■ **Information provided**
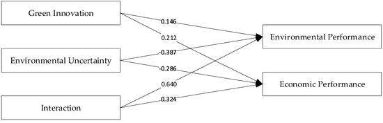 The model analysis results revealed that green innovation positively affects environmental and economic performance. When the standardized coefficient estimation values were examined, green innovation’s effect on environmental performance was stronger than that on economic performance—the results of the analysis support the H1a and H1b hypotheses. Following the analysis of the structural equation model, a moderator impact analysis was conducted. Before conducting the moderator impact analysis, an interaction variable was created by multiplying the independent variable, i.e., green innovation, and the moderator variable, i.e., environmental uncertainty. Then, a path analysis was conducted using the Amos package program. The analyzed model’s (Figure 3) results are shown in Table 7.
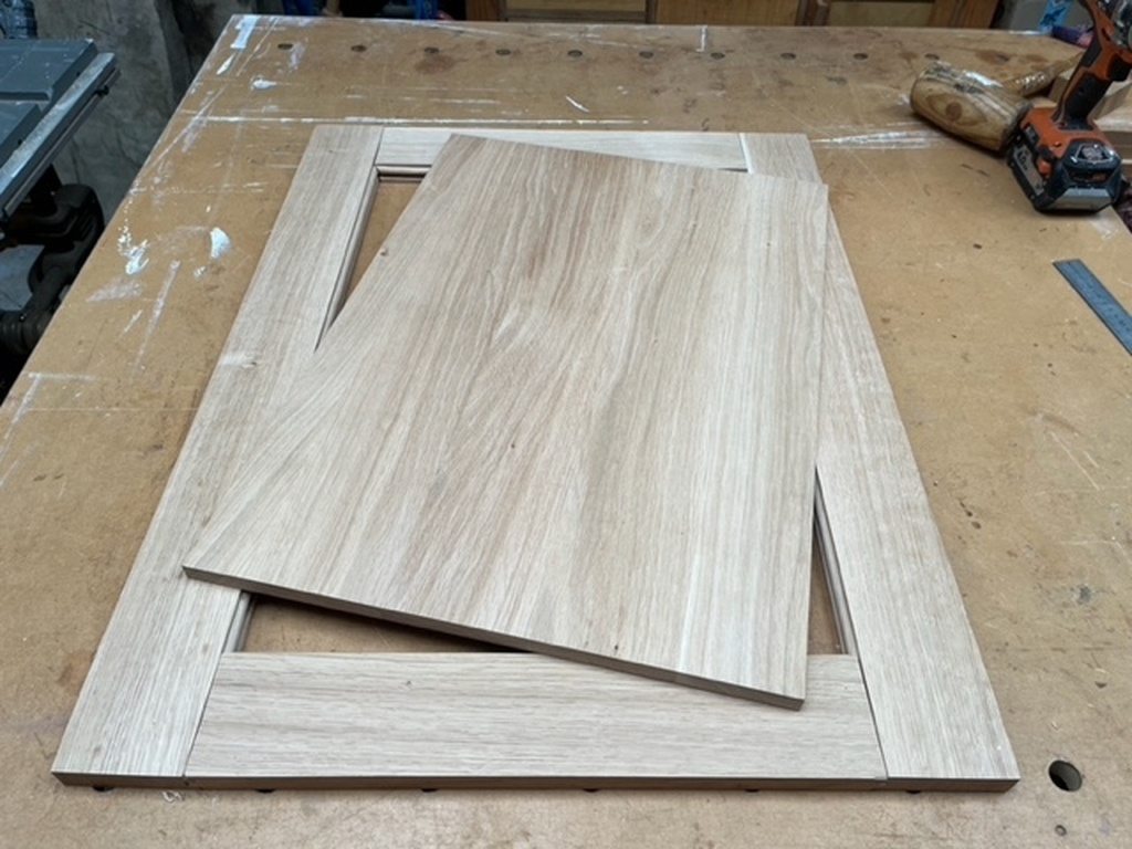 le panneau de porte est traité au Rubio avant montage pour traiter la partie qui rentre dans la rainure des montants de porte.
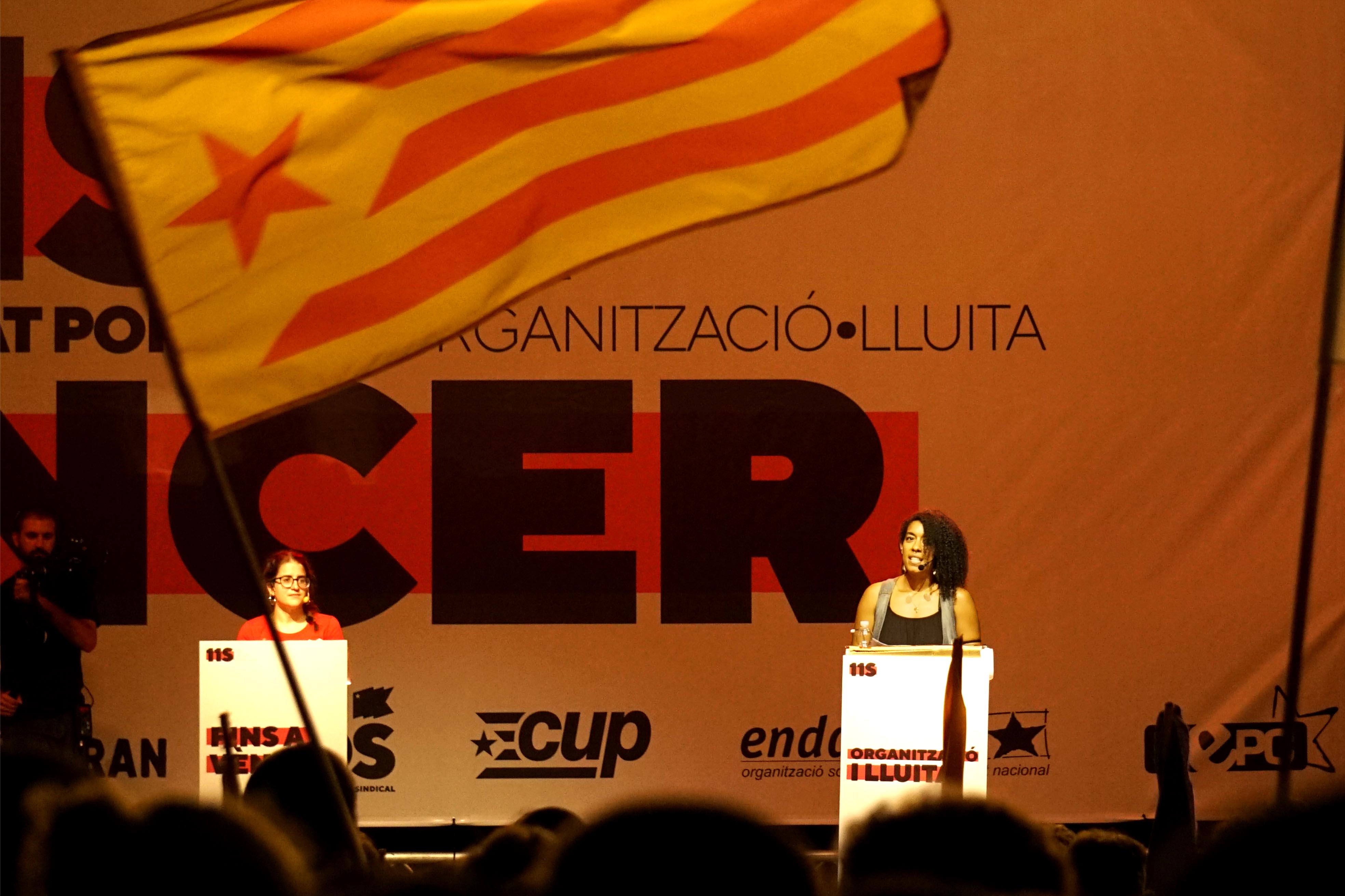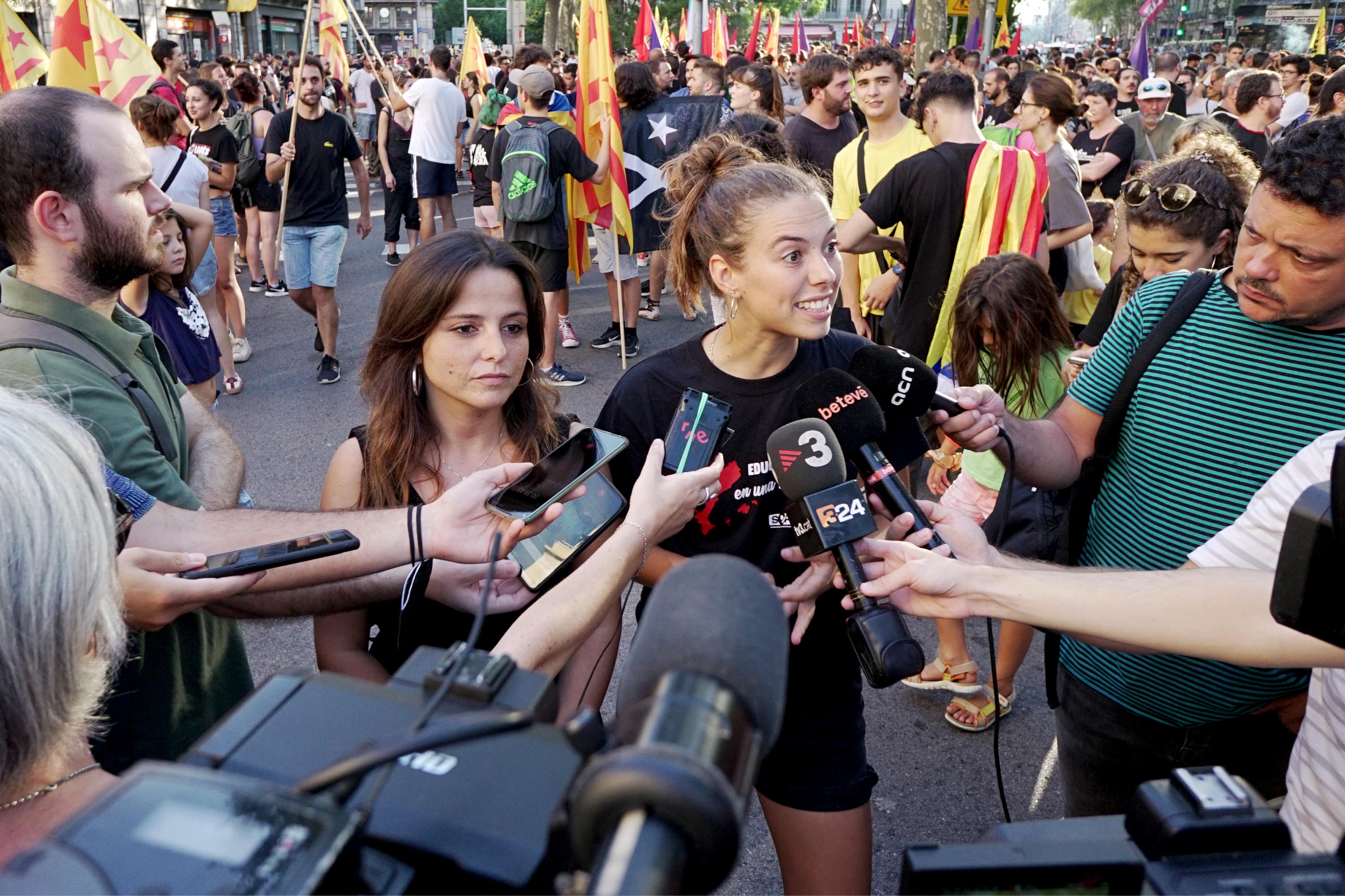 Quarts de set de la tarda i Marta Daviu, portaveu del SEPC, i la cupaire Maria Sirvent atenen a la premsa abans de començar la manifestació històrica de l’independentisme
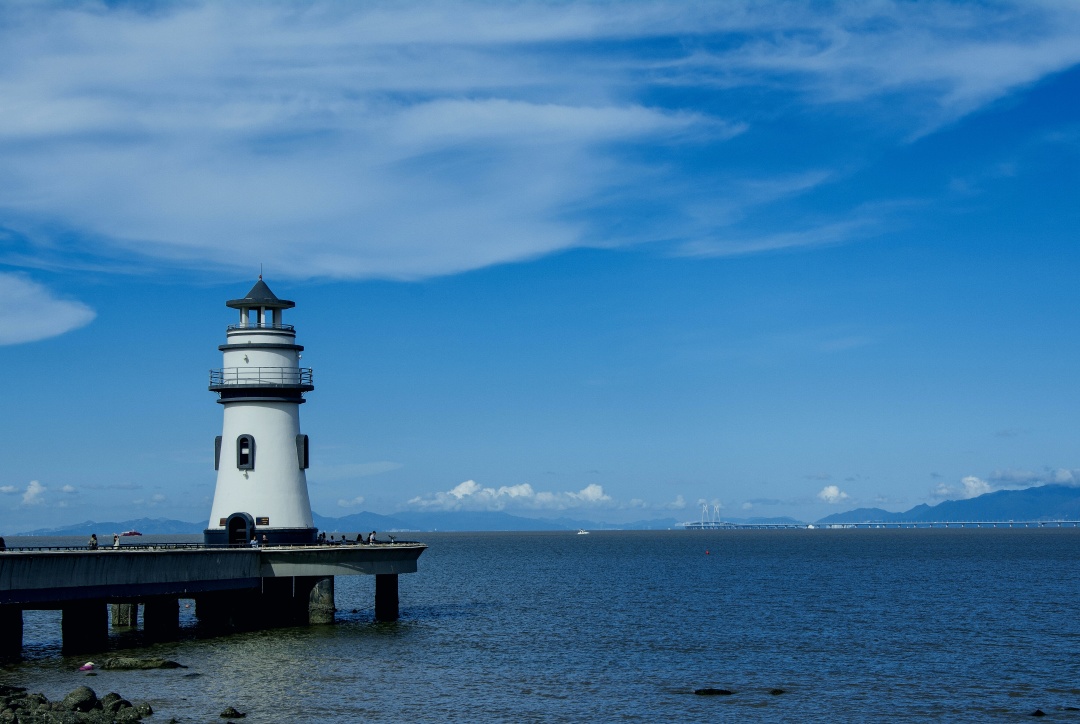 可鸟瞰月贝、珠港澳大桥、海滩、

■ **Your task**
Reproduce the whole of the data, word for word, and omit its pictures.

■ **Answer to this problem**
 The model analysis results revealed that green innovation positively affects environmental and economic performance. When the standardized coefficient estimation values were examined, green innovation’s effect on environmental performance was stronger than that on economic performance—the results of the analysis support the H1a and H1b hypotheses. Following the analysis of the structural equation model, a moderator impact analysis was conducted. Before conducting the moderator impact analysis, an interaction variable was created by multiplying the independent variable, i.e., green innovation, and the moderator variable, i.e., environmental uncertainty. Then, a path analysis was conducted using the Amos package program. The analyzed model’s (Figure 3) results are shown in Table 7.
 le panneau de porte est traité au Rubio avant montage pour traiter la partie qui rentre dans la rainure des montants de porte.
 Quarts de set de la tarda i Marta Daviu, portaveu del SEPC, i la cupaire Maria Sirvent atenen a la premsa abans de començar la manifestació històrica de l’independentisme
 可鸟瞰月贝、珠港澳大桥、海滩、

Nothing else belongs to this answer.